Offering medical and mental health services in addition to drug and HCV treatment can help manage the adverse effects of HCV treatment, thereby lowering the barriers to uptake and adherence. A multidisciplinary team may address psychologic side effects, such as depression and emotional lability, or somatic complications, such as hemolytic anemia.97 Thus, the success of HCV treatment will depend on the collaboration of experts from various fields to create treatment programs specifically designed for drug users.
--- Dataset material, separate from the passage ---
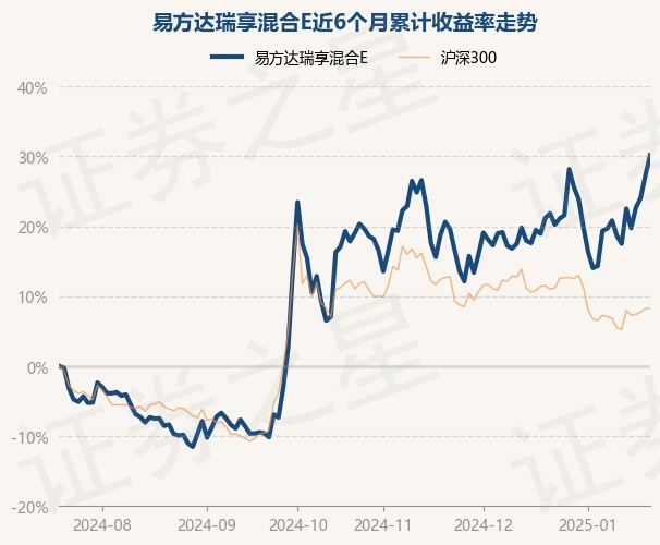 证券之星消息,1月21日,易方达瑞享混合E最新单位净值为2.6527元,累计净值为2.6527元,较前一交易日上涨2.27%。历史数据显示该基金近1个月上涨6.82%,近3个月上涨11.15%,近6个月上涨30.16%,近1年上涨25.01%。该基金近6个月的累计收益率走势如下图:

Finally, a crucial strategy in overcoming barriers to uptake of HCV treatment is education. Public campaigns, such as the one run for acquired immune deficiency syndrome in the 1990s, are essential to improve knowledge and eliminate misconceptions regarding HCV on both the patient’s and the provider’s side. Australia set an example in this regard. In 2000, a mass media campaign was run and successfully increased public knowledge about the means of transmission of HCV.98 Furthermore, it is important to educate people about the availability of HCV screening and treatment and to make these and other services widely available. For instance, research shows that when sterile syringes are easily accessible, PWID readily make use of them.99–101 Education could thus also increase HCV screening for individuals with acute HCV. Early treatment uptake is important because the spontaneous clearance rate is limited and, in contrast with chronic HCV, treatment of acute HCV leads to much higher clearance rates102 within a shorter period of time.17,103 This also applies to PWID.82 If drug users were aware of this advantage, they might be more likely and more frequently willing to get tested and thus enable detection of HCV infection at an early stage.

Conclusion

HCV infection is an important cause of morbidity, mortality, and related social costs. In developed countries, injecting drug use represents the main route of HCV transmission and yet treatment uptake is low among drug users. HCV treatment has been shown to be efficient in terms of viral clearance and with regard to its potential to prevent further HCV transmissions in the population. The uptake and efficacy of treatment are therefore an important public health issue. Factors associated with poorer treatment outcomes in PWID have been identified on the part of patients, providers, and treatment systems. However, the literature suggests that PWID can achieve treatment adherence and sustained virologic response rates comparable with those of nondrug users. Therefore, drug use per se should not be considered a criterion for exclusion and treatment should be initiated on the basis of an individual assessment of each drug user. Further development of measures leading to higher uptake of treatment and adherence with it, along with appropriate adaptation of treatment guidelines, represent important tools in this regard.